Arizona Eastern Railroad #39
According to HL Broadbelt Collection, as listed in the Encyclopedia of Western Railroad History, SP steam engine 1298 began its life as the Arizona Eastern Railroad Company's number 39, and was Baldwin number 46313 built in September, 1917. Arizona Eastern merged into the Southern Pacific Railroad Co. in 1924, and #39 was re-numbered as Southern Pacific 1298. It's unknown where locomotive 1298 did the bulk of its work -- it could have been nearby at San Jose or Watsonville, or even the small switch yard in Felton, as perhaps the yard downtown at the Santa Cruz depot. Since it was originally in the Arizona Eastern fleet, it was most probably used as terminal switcher in and around San Diego, including San Diego's Santa Fe Union Depot for passenger train switching -- there were a couple 0-6-0 switchers used by the Arizona Eastern in this capacity, including ones leased back from the Southern Pacific during WW II. As of 1956, the 1298 is listed as being assigned to "Southern Pacific W" as stated in a September 30, 1956 bulletin -- where "W" could just mean West.

The engine arrived in Santa Cruz in 1961, as reported by Railroad Magazine in 1961's Volume 73-74: "The Southern Pacific's final retired steam engine, a switcher, No. 1298, has just gone to a park in Santa Cruz, California."

Specifications
  • Wheels: 0-6-0
  • Builder: Baldwin Locomotive Works
  • Build Date: 09/1917
  • Construction No.: 46313
  • Empty Weight: 154,600
  • Weight on Drivers: 154,600
  • Driver Diameter: 51
  • Tractive Effort: 29,720
  • Boiler Pressure: 190
  • Cylinders: 19x26
  • Fuel: Oil
  • Gauge: Standard


The Swimming Pool

The swimming pool was built in 1959, and featured a high dive that scared every Santa Cruz child silly. The long climb up the stairs seemed to take forever, and at the top you could literally touch the clouds on a foggy day. Looking down from the high dive, you could barely make out a small blotch of blue where you assumed the pool should be. Jumping to your death was a daunting task, made all the worse by the stories that your friends told you about the kid who was split in half when his legs flew apart. It was a rite of passage to close your eyes, step off the board, and keep your legs pressed as tightly as possible together to avoid a horrible death. The water hurt your feet as you hit it, and if you managed to hold your breath through the impact, you ended up at the bottom of a 12' deep-end looking up at a surface impossibly far away. Santa Cruz Parks and Recreation held swimming lessons at the Harvey West Park swimming pool, and that's where we all learned to swim. There were two pools: an L-shaped one with the deep-end roped off, and a kiddie pool that was always very warm. Again the rumor was that it was warm because of all the little children doing unspeakable things, but I'm now pretty sure that it was the fact that the Sun can warm up a shallow of 2' of water pretty easily! 

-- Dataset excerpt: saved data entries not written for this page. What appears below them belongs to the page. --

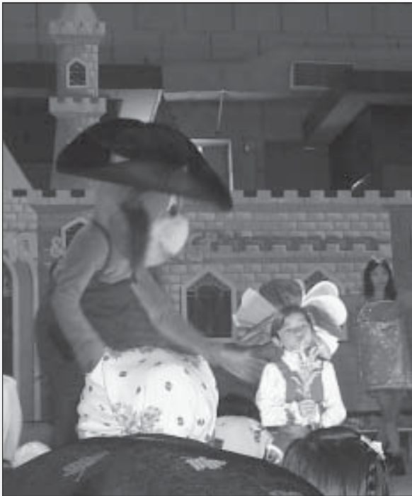
Show "Si Pongi"

Pour assurer la promotion de la mascotte indonésienne de la prévention des incendies, appelée "Si Pongi", divers supports de vulgarisation ont été produits et plusieurs manifestations ont été organisées. Depuis plus d'un an, la star de télévision indonésienne Kak Seto et sa Mutiara Indonesia Foundation coopèrent avec le projet IFFM et contribuent à sensibiliser davantage les enfants aux forêts et aux feux de forêt. En avril 1999, Kak Seto a présenté "Si Pongi" lors d'un grand spectacle à Samarinda, en
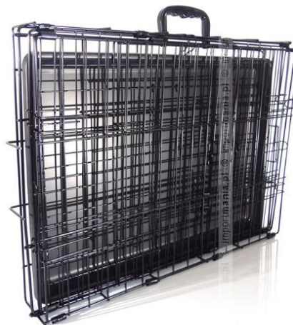
Rys. 6. Składana klatka dla psów – funkcjonalność [8]
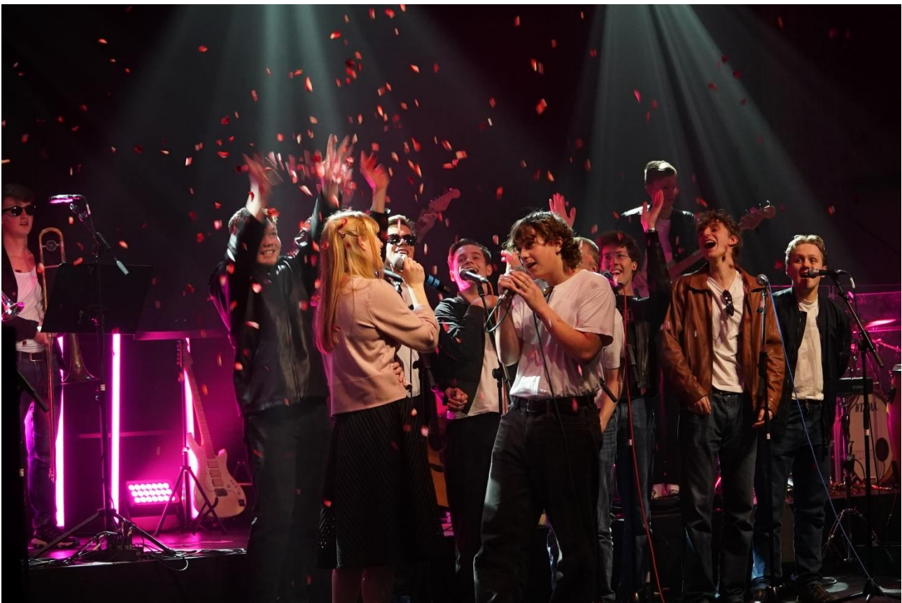
3d med en jubilæumshyldest til filmen GREASE i forbindelse med forårskoncerten 2023.

Som erstatning for den traditionsrige julekoncert afholdtes der i år en forårskoncert med indslag fra musikstudieretningerne, valgholdene og bigbandet. Forårskoncerten var særdeles velbesøgt med et publikum på ca. 750 personer.
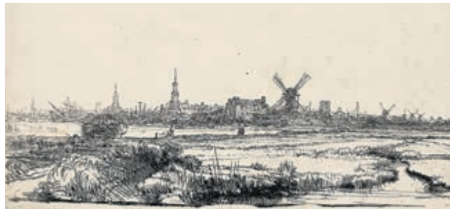
Rembrandt van Rijn - Gezicht op Amsterdam vanaf de Kadijk, 1640 (uit collectie Teylers Museum).
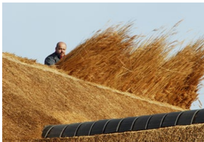
Voor het opstoppen van een rietdekking is geen vergunning nodig. Maar wanneer al het riet wordt vervangen is wel een vergunning nodig.
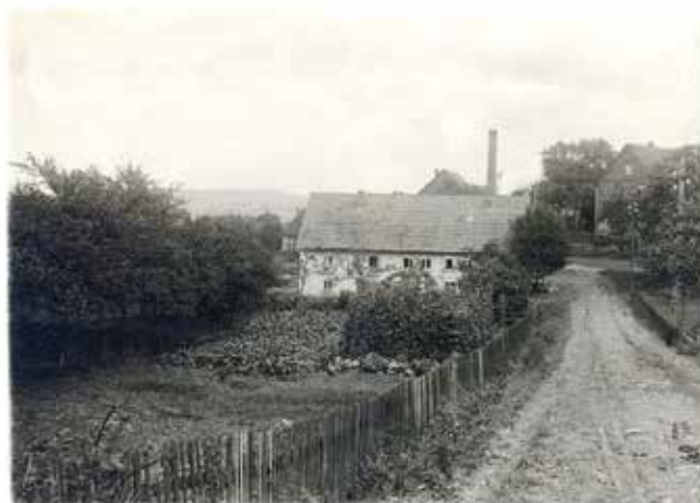
Mühle Silixen vor 1920
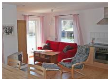
Wohnzimmer in der unteren Etage

Gerne können Sie zusätzlich zu Ihrem FLOATING HOUSE ein Boot oder Fahrrad mieten, oder eine Tagesfahrt mit einem Traditionssegler unternehmen. Bitte reservieren Sie rechtzeitig. Informationen über offene Motorboote, Tagesfahrten und weitere Angebote finden Sie auf unserer Internet-Seite.
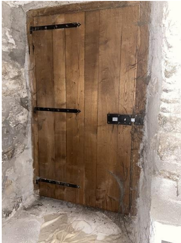
Foto 18: Prima parte di appartamento - Porta di accesso dalla cantina da corso Umberto I.
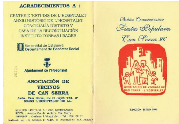
Butlletí dels 40 anys del barri 1996. AVV

Es comunica que està aprovada la segona fase del Parc de Can Buxeres i es comenta que el palauet serà un saló de convencions de l'Ajuntament a la 1a. planta, escola de música a la 2a. i la casa petita dels masovers serà una escola de Ciències naturals. La llar de gent gran es diu que estarà en funcionament a mitjan 1985.
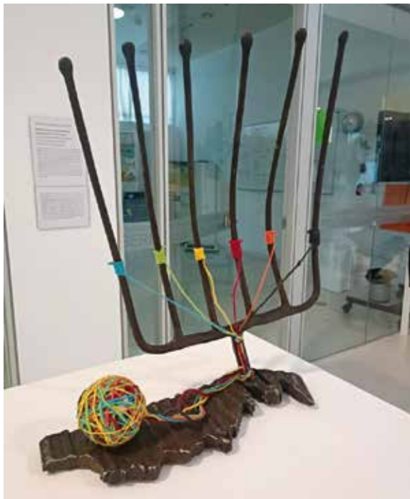
Hierro y lanas de colores / Burdina eta koloretako artileak 50 x 45 x 15 3,5 kg.

Aniztasun hori kantu zirraragarria da hain globalizatua dagoen mundu honetan, arimek beren ingurunea utzi behar izaten baitute biziraupenaren bila, gatazka belikoen, arrazaren, erlijioaren edo sexuaren ondorioz... Koloretako artilezko zamuka, zeinetatik hariak askatzen baitira zoru irregular, gogor eta zimur bat zeharkatzeko, obraren oinarria sinbolizatzen duena, dena hain desiratua den berdintasuna lortzeko. Batzuetan elkarri lotuta, beste batzuetan bakarka, hari horiek aniztasunak ospatzen duen berdintasunerantz egiten dute aurrera. Bidaia hau burdinazko izar baten bidez irudikatzen da, bere sei punta paraleloekin, eta altuera berera igotzen da guztientzat.
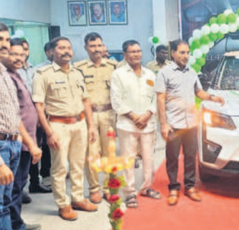
డివీపల్లె సమీపంలోని మహిళా షోరూంలో ఎన్ఫోర్స్ మెంట్ - 400 ఎలక్ట్రిక్ కారును డీవీపల్ వెంటకర్తలకు, జీవీఎస్ సూపరింటెండెంట్ డాక్టర్ ప్రతిపాదాజ్, కంపెనీ ఏరియా సెల్ఫ్ మేనేజర్ వంటి బుధవారం అభివృద్ధిచేశారు. - ఖలీల్ వాడీ, జనవరి 24
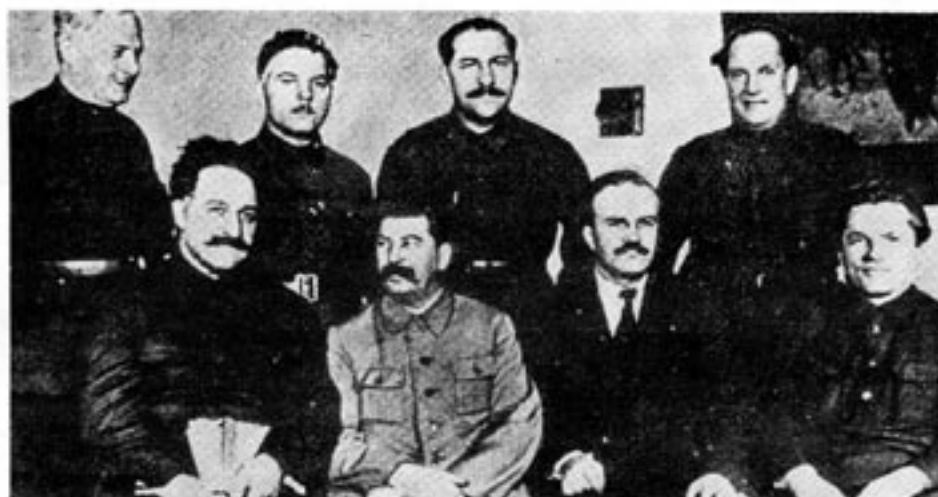
Det var Lenin som såg till att Röda hjälpen bildades, men under Stalin på 1930-talet nådde organisationen en höjdpunkt som utåtriktat organ. Idag verkar organisationen i det fördolda.

Många ledande röda hjälpare sade rent ut, att MOPR sysslade med proletariats klasskamp. Organisationens propagandapparat styrdes av Jemeljan Jaroslavskij (alias Minei Gubelman), som var expert på ateism, och specialister från folkkommissariatet för utrikesärenden: Karl Radek-Sobelsohn,
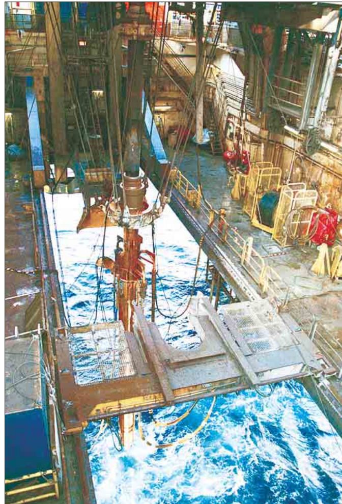
Næsta summer fer borurin eftir øllum at døma niður aftur í føroyska undirgrundina. Hesaferð gjøgnum basalt

Tá fyrsta útbjóðing á føroyska landgrunninum lat upp í 2000 buðu oljufeløg sær til at bora ikki færri enn 8 leitingarbrunnar. Síðani eru fyra av hesum brunnum boraðir í tí sokallaða "Gullhorninum",

The Snack Shack and Kiddie Train

After swimming lessons, you would run over to the snack shack and get a dixie cup of soda pop and some pink popcorn. They also had hot dogs and other classic candies from the 1970s. At the snack shack, you could buy tickets for the little kiddie train that ran down the side of the park and back. The snack shack also was the locomotive barn for this miniature train.